Oleh karena itu, sumber daya local sangat menentukan dalam penanganan korban di fase
darurat.
b. Penatalaksanaan Lapangan
Penatalaksanaan lapangan meliputi prosedur-prosedur yang digunakan untuk
mengelola daerah bencana dengan tujuan memfasilitasi penatalaksanaan korban
c. Proses Penyiagaan
Proses penyiagaan merupakan bagian dan aktivitas yang bertujuan untuk melakukan
mobilisasi sumber daya secara efisien. Proses ini mencakup peringatan awal, penilaian
situasi, dan penyebaran pesan siaga. Proses ini bertujuan untuk memastikan tanda bahaya,
mengevaluasi Bersama masalah dan memastikan bahwa sumber daya yang ada
memperoleh informasi dan dimobilisasi.
d.
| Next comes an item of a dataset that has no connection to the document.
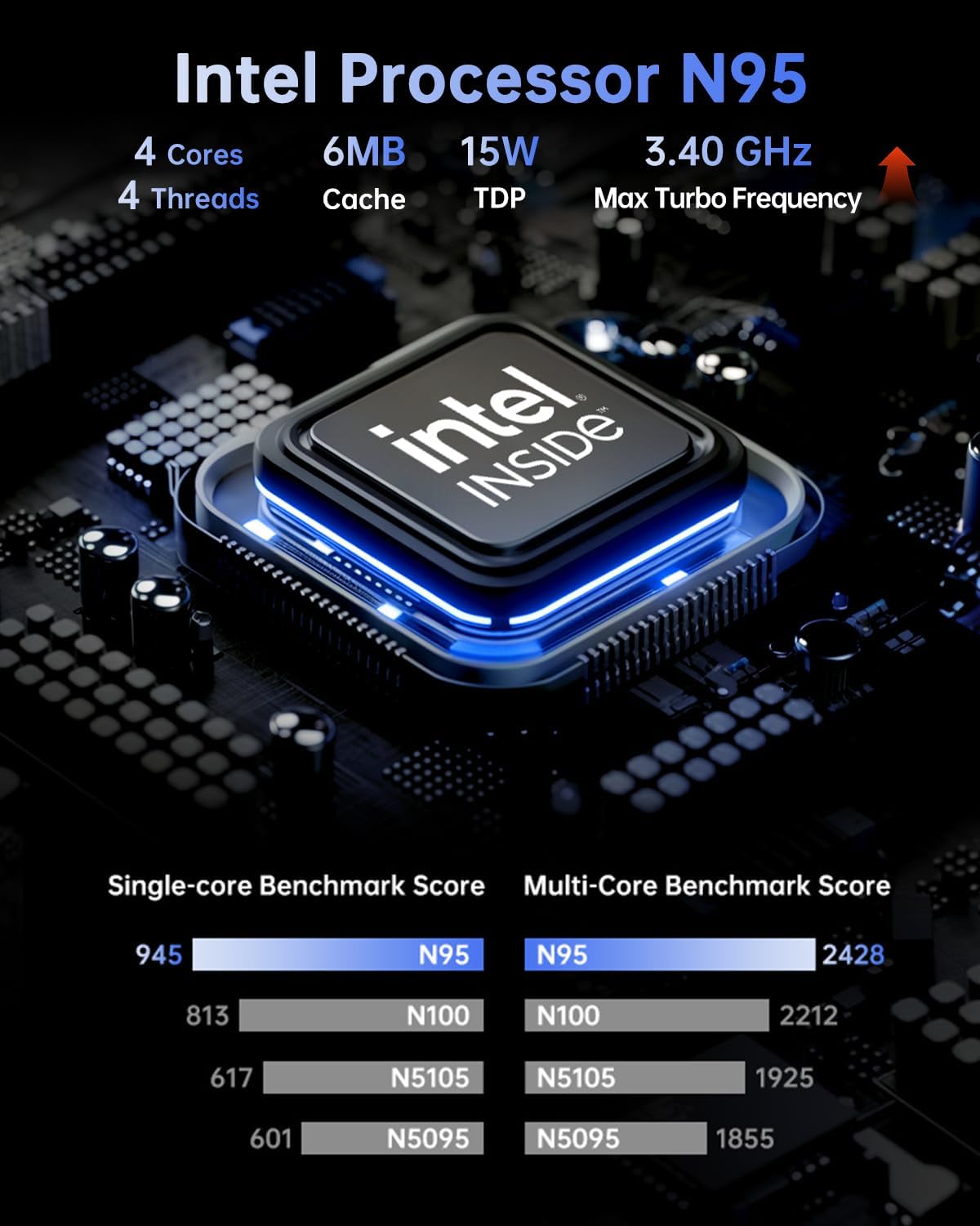 【NEW UPGRADED N95 PROCESSOR】KAMRUI E1 mini pc is powered by 2025 latest Alder Lake-N N95 processor (up to 3.4 GHz, 4 Cores/4 Threads, 6 MB L3 Cache). Compared with (N100/N5105/N5100/N5095), CPU performance +35%, GPU +75%, Whether it’s handling multitasking at work, running smooth HD meetings, streaming 4K videos, or light content creation, it handles it all with ease.

Penilaian Awal
Penilaian awal merupakan prosedur yang dipergunakan untuk segera mengetahui
beratnya masalah dan risiko potensial dari masalah yang dihadapi. Aktivitas ini dilakukan
untuk mencari tahu masalah yang sedang terjadi dan kemungkinan yang dapat terjadi dan
memobilisasi sumberdaya yang adekuat sehingga penatalaksanaan lapangan dapat
diorganisasi secara benar. Didalam penilaian awal dilakukan serangkaian aktivitas yang
bertujuan untuk mengidentifikasi :
1) Lokasi kejadian secara tepat
2) Waktu terjadinya bencana
3) Tipe bencana yang terjadi
4) Perkiraan jumlah korban
5) Risiko potensial tambahan
6) Populasi yang terpapar oleh bencana
Penilaian awal yang dilakukan harus segera dilaporkan ke pusat komunikasi
sebelum melakukan aktivitas lain di lokasi bencana. Keterlambatan akan timbul dalam
mobilisasi sumber daya ke lokasi bencana jika tim melakukan aktivitas lanjutan sebelum
melakukan pelaporan penilaian awal atau informasi yang dibutuhkan dapat hilang jika
kemudian tim tersebut juga terlibat dalam kecelakaan.
e. Akses jalan ke lokasi
Identifikasi awal lokasi-lokasi diatas akan memungkinkan masing-masing tim
bantuan untuk mencapai lokasi yang merupakan daerah kerja secara cepat dan efisisen,
salah satu caranya dengan membuat peta sederhana lokasi bencana.
f. Penyebaran Informasi
Pesan Siaga Segera setelah pesan diterima, pusat komunikasi akan mengeluarkan
pesan siaga, memobilisasi sumberdaya yang dibutuhkan dan menyebarkan informasi
kepada tim atau institusi dengan keahlian khusus dalam penanggulangan bencana
massal.Pesan siaga selanjutnya harus dapat disebarkan secara cepat dengan
menggunakan tatacara yang telah ditetapkan sebelumnya.